Of course! When I landed at Stony Brook in 2015 as a junior faculty member, I was very confused. Nobody teaches you how to become a professor… I am interested in so many things, but I had to focus on a couple of important questions that I wanted to answer. During my postdoctoral training, I mainly worked with probabilistic models. Now I wanted to expand to questions about computation and dynamics. As in, describing the process of neural coding and how it changes over time. The idea is that this temporal transformation is the basis of all computation and behaviour, and also of neural diseases when it goes wrong. So I started building up a set of machine learning tools that could extract these temporal structures.
There are two different ways in which it goes. Sometimes you have a cool idea, and then you look for the data. The other way is when we work closely with a collaborator, and specific questions may need new methods. In the end, we get innovation in terms of algorithms, computation, and statistics, which we then put out to the world so that everyone can benefit from it.
Statistically speaking, we need models that can scale with the dimensionality of the data. That by itself is a huge problem. Some datasets have hundreds of neurons, so you are dealing with a high dimensional space, at least as high as the number of neurons.
Fortunately, there are regularities in the data that can help us reduce the number of dimensions. For example, even if you observe 1000 neurons simultaneously, not all neurons function independently. They are actually in a network and work together to perform a computation. If we can identify close relationships in the activity of neurons, then we can exploit it to study the data in a lower-dimensional space.
Many of the methods that I've developed are in this direction. We extract structure out of neural data by making smart assumptions consistent with biology and our theory about how the brain works.
Yes, I am very excited about forming new collaborations with experimentalists there. I also intend to continue external collaborations, for example with Alex Huk at the University of Texas at Austin. We have ideas of using different types of analysis on neural data from working memory tasks. I am also interested in decision-making, so I will spend a good amount of time trying to solve these problems. But these are only some of the many things that I want to do.
I don't want to reveal too many of my secret weapons! Still, a particular method that I'm excited about is creating a real-time neuroscience system.
Now, during an experiment, neuroscientists record from hundreds, even thousands of neurons simultaneously. Then, they go home and analyse the data. After drawing conclusions, the experiment is repeated with adjustments, and the entire process begins again. It's a very long and slow loop.

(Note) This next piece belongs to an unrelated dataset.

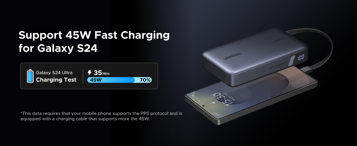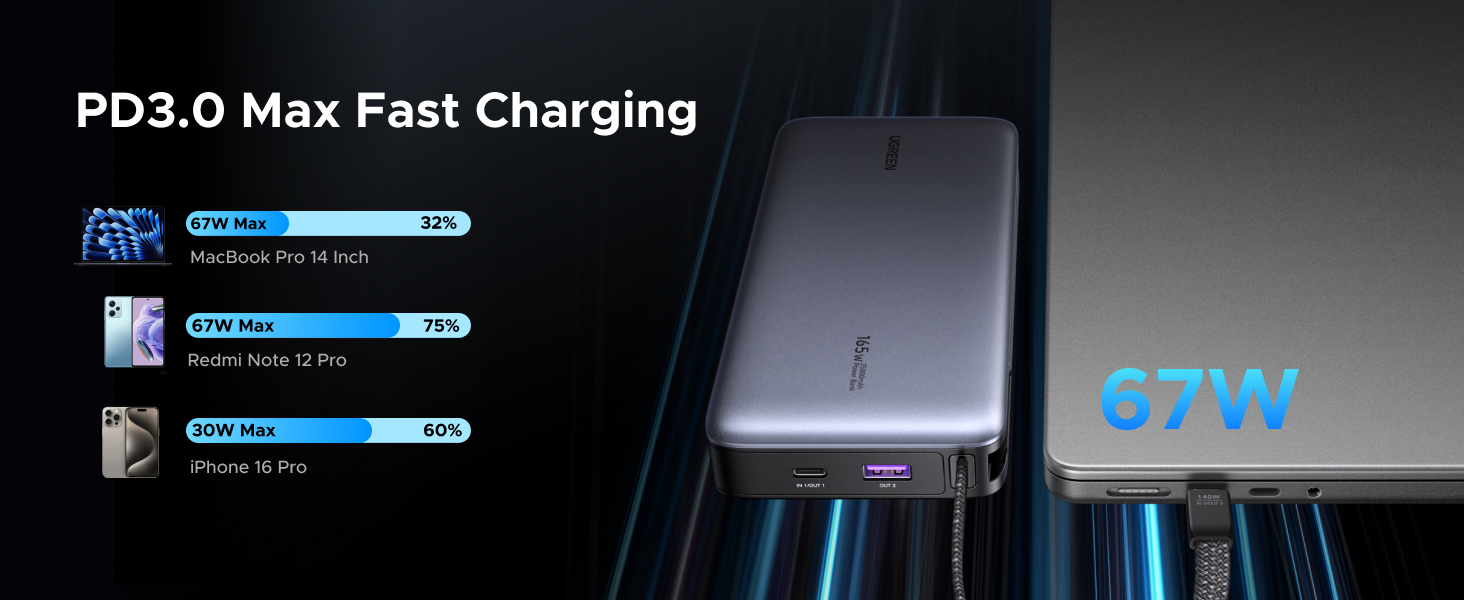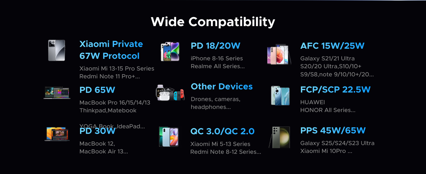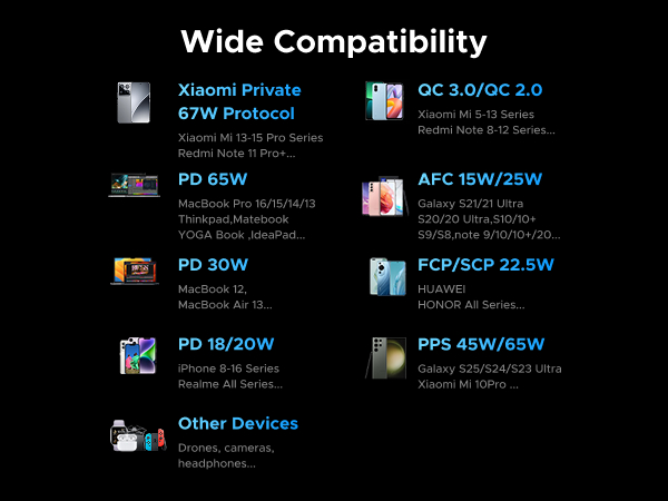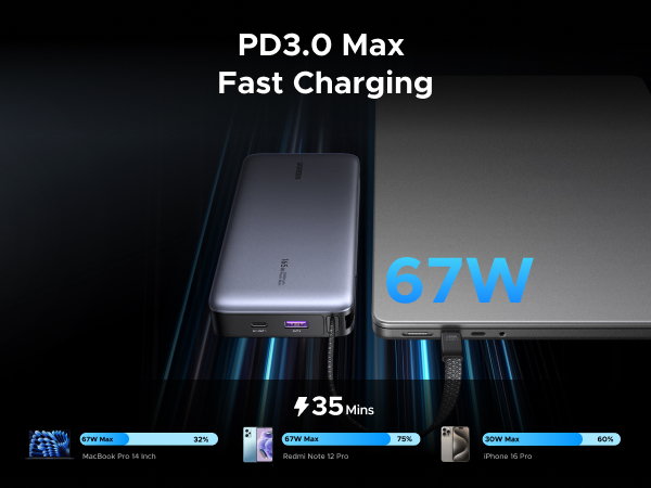 - 67W PD Fast Charging for Laptop & Phone: Experience fast charging with 67W(67W only for Xiaomi ,65W for Other devices) PD bidirectional power delivery. Charges the Samsung S25 Ultra to 70% in just 35 minutes and boosts iPhone 17 charging speed by 2x+. Intelligent current detection ensures safe, optimized charging for all devices.

The tools I've been developing can perform this analysis on the fly. So you're recording from hundreds of neurons, and, within milliseconds, I would like to provide you with a visual saying, "oh, look at this! There’s a hidden 3D structure in the neural activity!" With this online analysis, the experimentalist can immediately see what is happening and even tweak the experiment in real time to test how different manipulations influence the relationship between the neurons.
I believe that real-time neuroscience systems are critical for doing new types of experiments and for making scientific progress fast. It also has clinical applications. Online feedback is already available for brain stimulation, for example, to stop epileptic seizures. However, current devices are not very smart. We are building next-generation analysis algorithms that will be able to do this kind of analysis quickly and efficiently.